**Prompt**: Exact copy, no pictures: reproduce every record below as it stands.

**Collected data entries**:
╔══
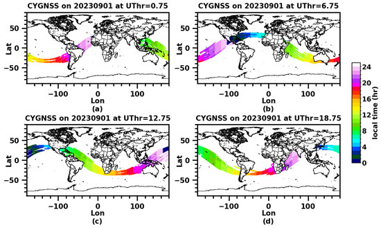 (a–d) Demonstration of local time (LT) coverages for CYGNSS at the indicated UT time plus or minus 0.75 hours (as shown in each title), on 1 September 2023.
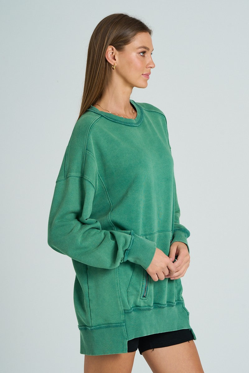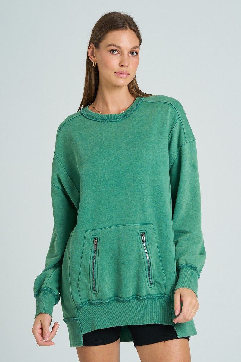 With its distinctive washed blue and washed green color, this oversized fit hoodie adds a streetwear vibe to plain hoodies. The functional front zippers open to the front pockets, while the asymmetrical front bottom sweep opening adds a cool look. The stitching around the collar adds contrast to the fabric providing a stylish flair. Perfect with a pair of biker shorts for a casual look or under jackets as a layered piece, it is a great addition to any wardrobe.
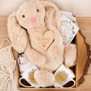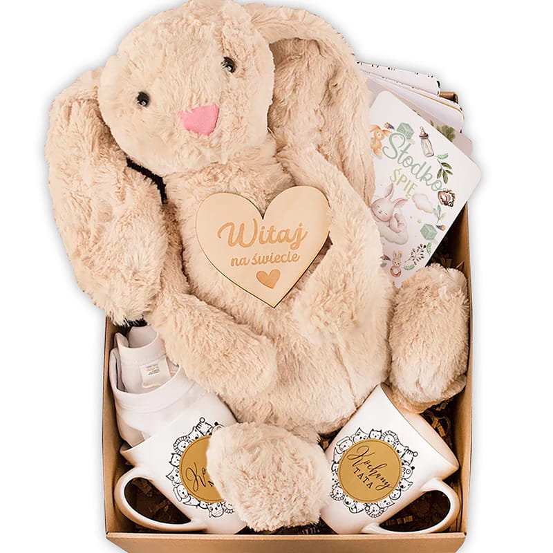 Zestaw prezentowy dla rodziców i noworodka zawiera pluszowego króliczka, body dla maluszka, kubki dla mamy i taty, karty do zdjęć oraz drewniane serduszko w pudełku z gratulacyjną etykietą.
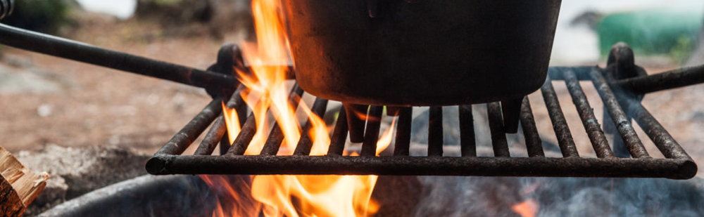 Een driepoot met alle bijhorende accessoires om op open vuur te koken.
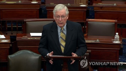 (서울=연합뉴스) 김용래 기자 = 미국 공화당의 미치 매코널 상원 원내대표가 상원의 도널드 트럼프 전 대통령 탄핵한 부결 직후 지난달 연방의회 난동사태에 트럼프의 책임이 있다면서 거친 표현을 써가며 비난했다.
╚══
**Expected output**:
 (a–d) Demonstration of local time (LT) coverages for CYGNSS at the indicated UT time plus or minus 0.75 hours (as shown in each title), on 1 September 2023.
 With its distinctive washed blue and washed green color, this oversized fit hoodie adds a streetwear vibe to plain hoodies. The functional front zippers open to the front pockets, while the asymmetrical front bottom sweep opening adds a cool look. The stitching around the collar adds contrast to the fabric providing a stylish flair. Perfect with a pair of biker shorts for a casual look or under jackets as a layered piece, it is a great addition to any wardrobe.
 Zestaw prezentowy dla rodziców i noworodka zawiera pluszowego króliczka, body dla maluszka, kubki dla mamy i taty, karty do zdjęć oraz drewniane serduszko w pudełku z gratulacyjną etykietą.
 Een driepoot met alle bijhorende accessoires om op open vuur te koken.
 (서울=연합뉴스) 김용래 기자 = 미국 공화당의 미치 매코널 상원 원내대표가 상원의 도널드 트럼프 전 대통령 탄핵한 부결 직후 지난달 연방의회 난동사태에 트럼프의 책임이 있다면서 거친 표현을 써가며 비난했다.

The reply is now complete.